== LISTED RECORDS ==

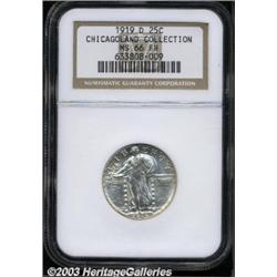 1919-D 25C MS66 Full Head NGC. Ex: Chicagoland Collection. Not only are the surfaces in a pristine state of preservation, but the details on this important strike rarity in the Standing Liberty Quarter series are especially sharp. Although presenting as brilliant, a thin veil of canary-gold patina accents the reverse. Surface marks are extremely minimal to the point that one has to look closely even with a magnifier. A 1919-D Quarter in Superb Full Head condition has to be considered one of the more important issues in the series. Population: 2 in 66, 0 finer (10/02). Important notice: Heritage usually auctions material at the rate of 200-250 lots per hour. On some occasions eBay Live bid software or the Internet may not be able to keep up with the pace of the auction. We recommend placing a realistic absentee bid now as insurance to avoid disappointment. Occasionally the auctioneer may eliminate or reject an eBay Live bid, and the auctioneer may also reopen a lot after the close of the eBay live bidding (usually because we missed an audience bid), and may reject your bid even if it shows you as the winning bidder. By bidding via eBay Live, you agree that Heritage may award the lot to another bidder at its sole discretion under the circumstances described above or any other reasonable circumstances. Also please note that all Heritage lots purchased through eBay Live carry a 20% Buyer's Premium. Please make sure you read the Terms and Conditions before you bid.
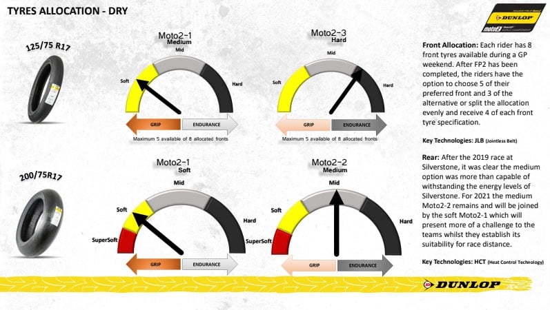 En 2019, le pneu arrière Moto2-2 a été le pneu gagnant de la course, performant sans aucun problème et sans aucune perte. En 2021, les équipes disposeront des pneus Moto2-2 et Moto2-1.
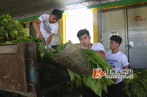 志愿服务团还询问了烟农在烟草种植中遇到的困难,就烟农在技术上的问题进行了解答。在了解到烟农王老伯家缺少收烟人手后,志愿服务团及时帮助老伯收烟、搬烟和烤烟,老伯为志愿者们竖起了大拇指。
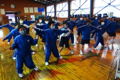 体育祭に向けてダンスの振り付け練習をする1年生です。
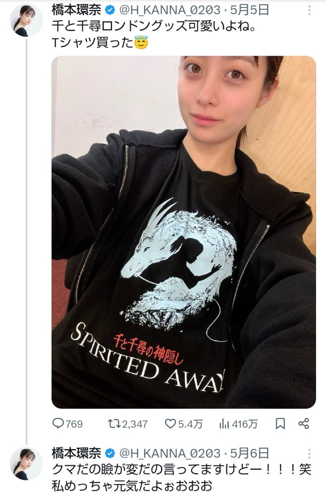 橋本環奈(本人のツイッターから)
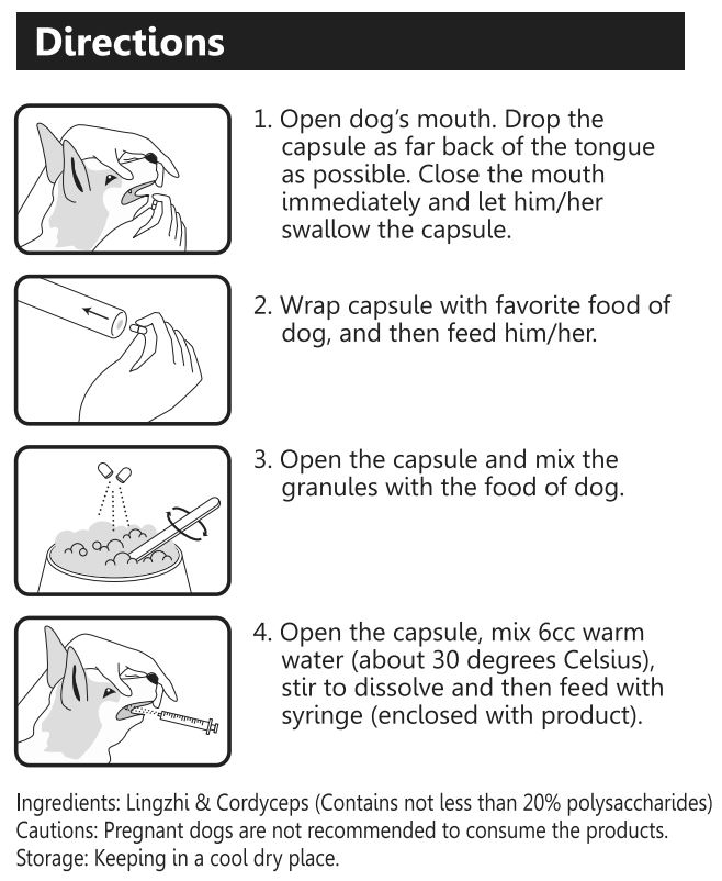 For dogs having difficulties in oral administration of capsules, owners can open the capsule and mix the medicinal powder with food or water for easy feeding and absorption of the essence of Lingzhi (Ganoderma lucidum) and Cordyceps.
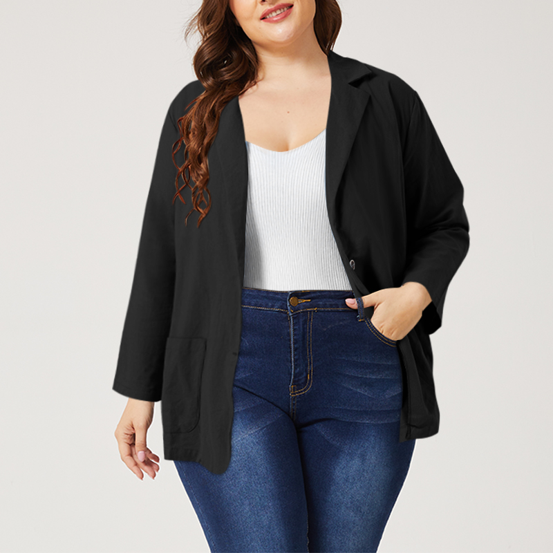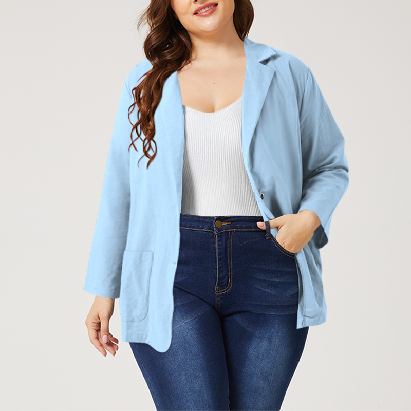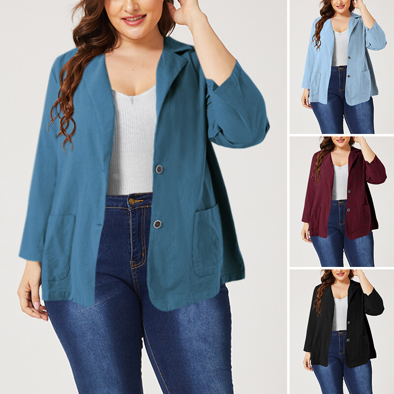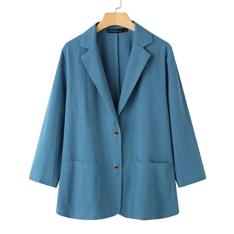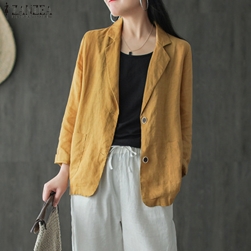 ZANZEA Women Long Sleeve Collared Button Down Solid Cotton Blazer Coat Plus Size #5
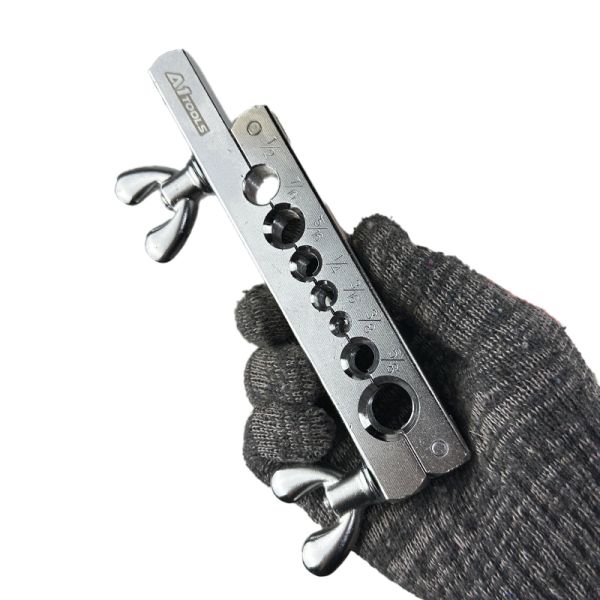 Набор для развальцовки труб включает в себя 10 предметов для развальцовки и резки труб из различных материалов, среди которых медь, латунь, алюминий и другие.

===
== LISTED RECORDS ==

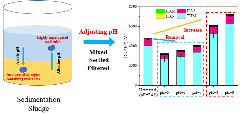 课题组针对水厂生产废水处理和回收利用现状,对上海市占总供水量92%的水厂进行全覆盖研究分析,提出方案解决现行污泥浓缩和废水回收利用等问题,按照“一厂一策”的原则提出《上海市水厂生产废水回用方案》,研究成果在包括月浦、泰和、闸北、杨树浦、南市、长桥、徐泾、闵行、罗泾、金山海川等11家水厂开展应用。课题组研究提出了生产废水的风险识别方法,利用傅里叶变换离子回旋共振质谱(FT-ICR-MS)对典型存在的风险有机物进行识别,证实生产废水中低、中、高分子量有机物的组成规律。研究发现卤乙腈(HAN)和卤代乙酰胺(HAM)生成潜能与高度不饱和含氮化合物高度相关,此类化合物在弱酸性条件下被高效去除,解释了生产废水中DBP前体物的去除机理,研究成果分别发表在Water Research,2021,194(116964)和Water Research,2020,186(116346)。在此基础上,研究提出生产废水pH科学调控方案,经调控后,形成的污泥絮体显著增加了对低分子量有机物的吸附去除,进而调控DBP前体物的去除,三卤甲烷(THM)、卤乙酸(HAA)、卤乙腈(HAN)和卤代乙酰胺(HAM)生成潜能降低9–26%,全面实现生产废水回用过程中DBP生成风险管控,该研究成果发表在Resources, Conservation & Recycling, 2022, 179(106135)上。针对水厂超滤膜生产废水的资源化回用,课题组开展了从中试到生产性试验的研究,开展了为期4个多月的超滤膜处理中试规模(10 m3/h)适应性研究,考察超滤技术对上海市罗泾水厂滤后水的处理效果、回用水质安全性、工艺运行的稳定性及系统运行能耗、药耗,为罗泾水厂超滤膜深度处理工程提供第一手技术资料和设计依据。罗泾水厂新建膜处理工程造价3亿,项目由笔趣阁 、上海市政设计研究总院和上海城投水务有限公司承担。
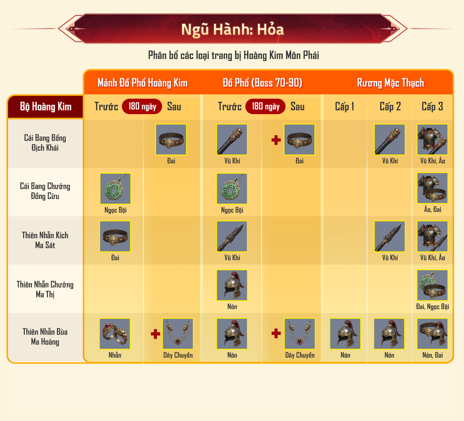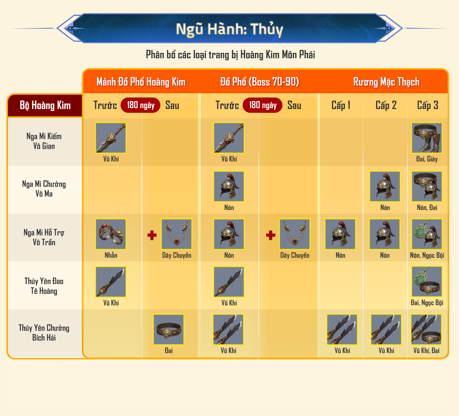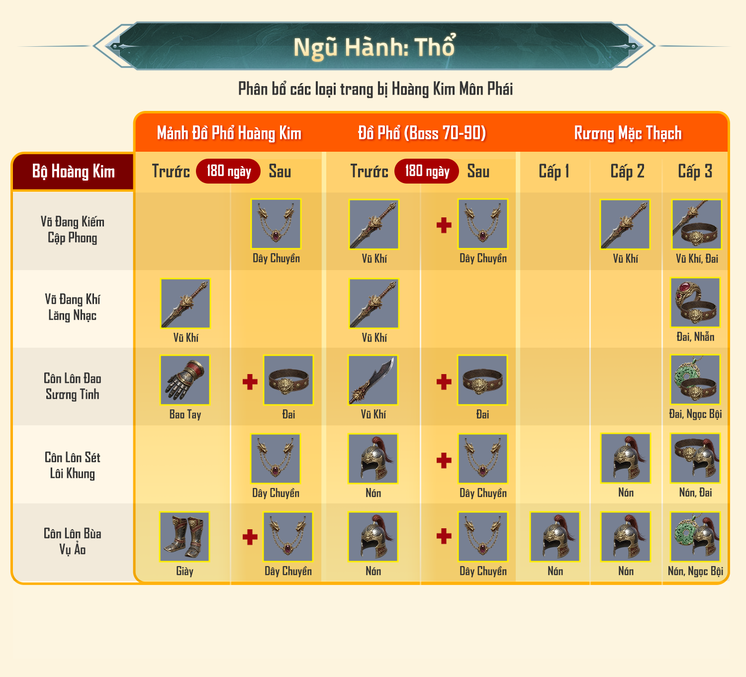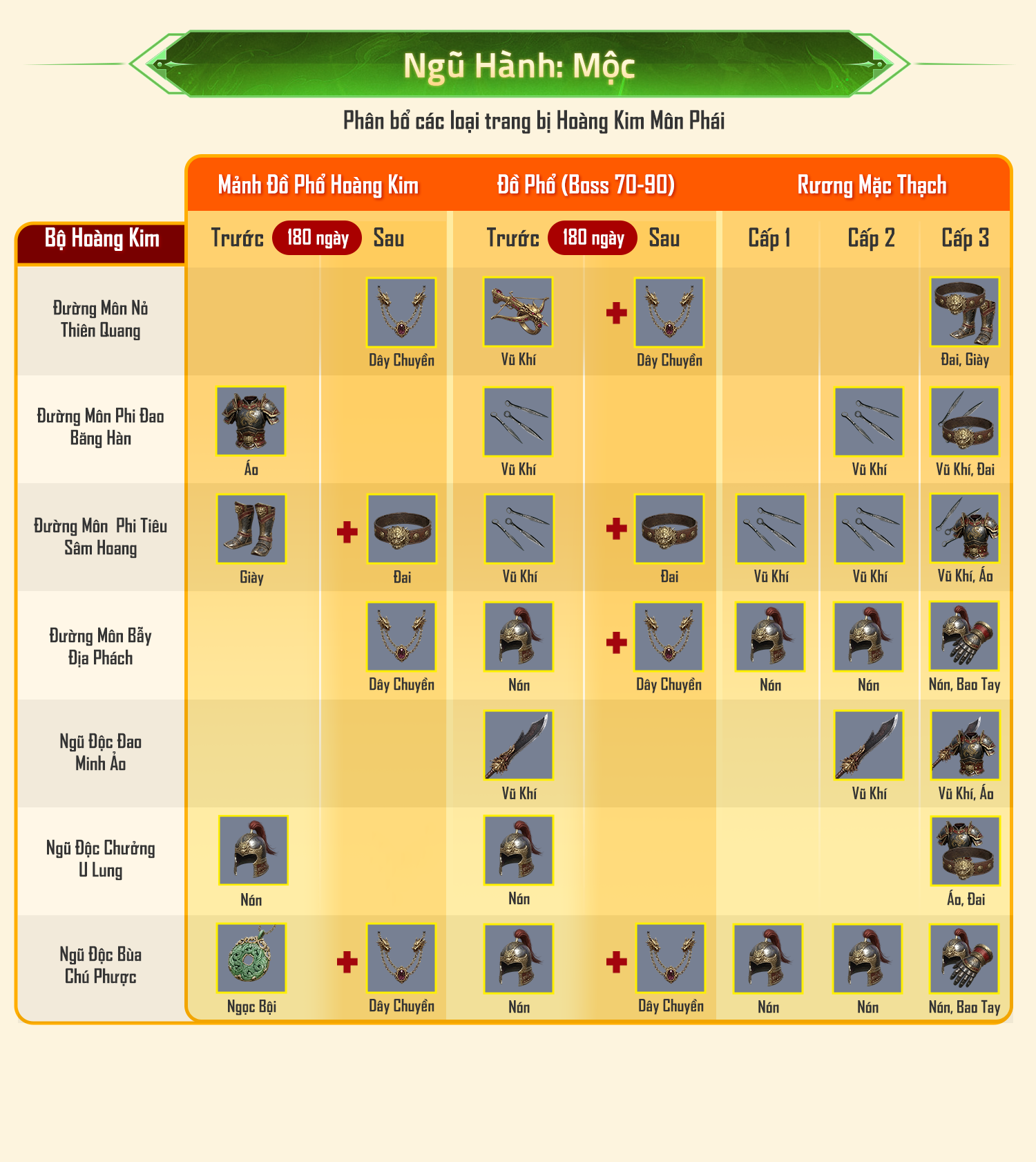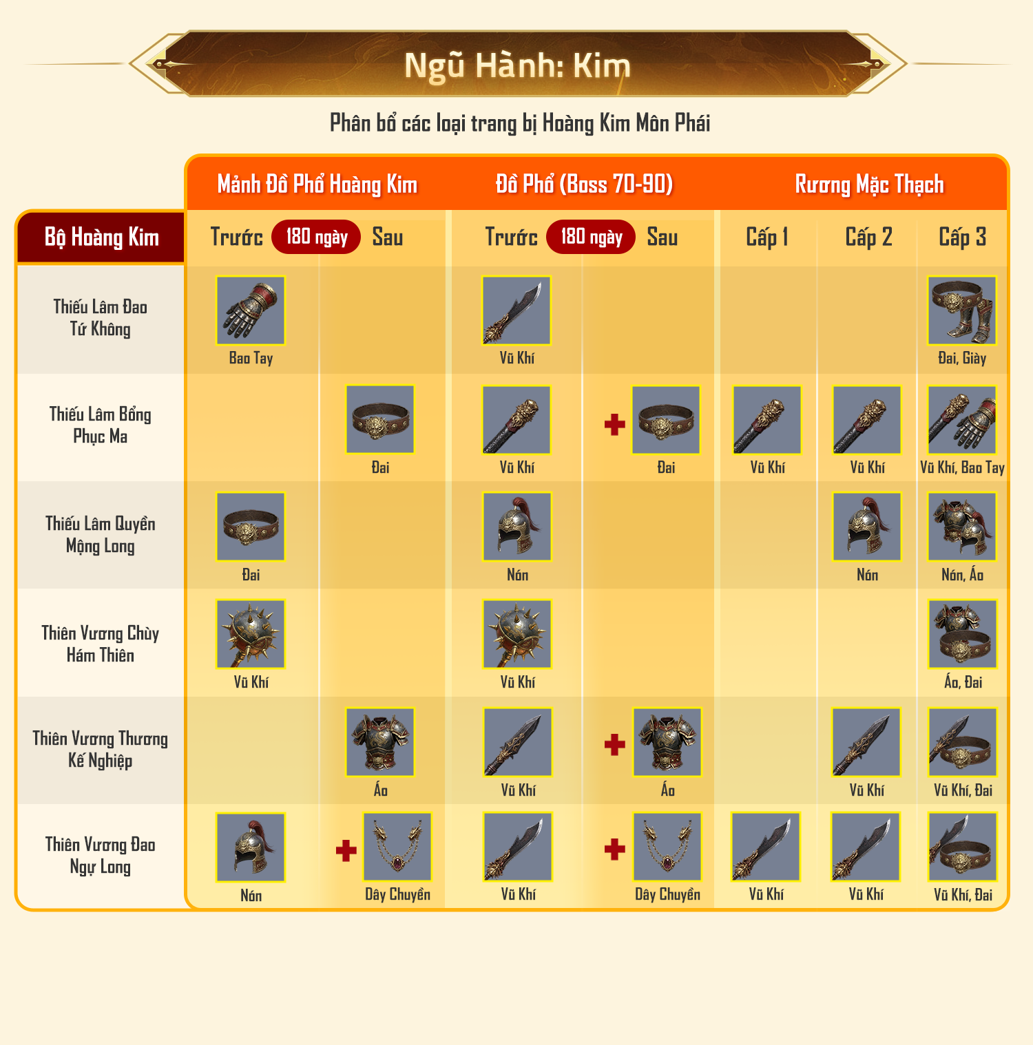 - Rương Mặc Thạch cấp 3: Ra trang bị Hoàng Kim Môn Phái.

===

- TASK PROMPT
Look above for the line with "体育祭に向けてダンスの振り付け練習をする1年生です。", then give again exactly every line from there through the line with "Набор для развальцовки", skipping the pictures.

- TASK SOLUTION
 体育祭に向けてダンスの振り付け練習をする1年生です。
 橋本環奈(本人のツイッターから)
 For dogs having difficulties in oral administration of capsules, owners can open the capsule and mix the medicinal powder with food or water for easy feeding and absorption of the essence of Lingzhi (Ganoderma lucidum) and Cordyceps.
 ZANZEA Women Long Sleeve Collared Button Down Solid Cotton Blazer Coat Plus Size #5
 Набор для развальцовки труб включает в себя 10 предметов для развальцовки и резки труб из различных материалов, среди которых медь, латунь, алюминий и другие.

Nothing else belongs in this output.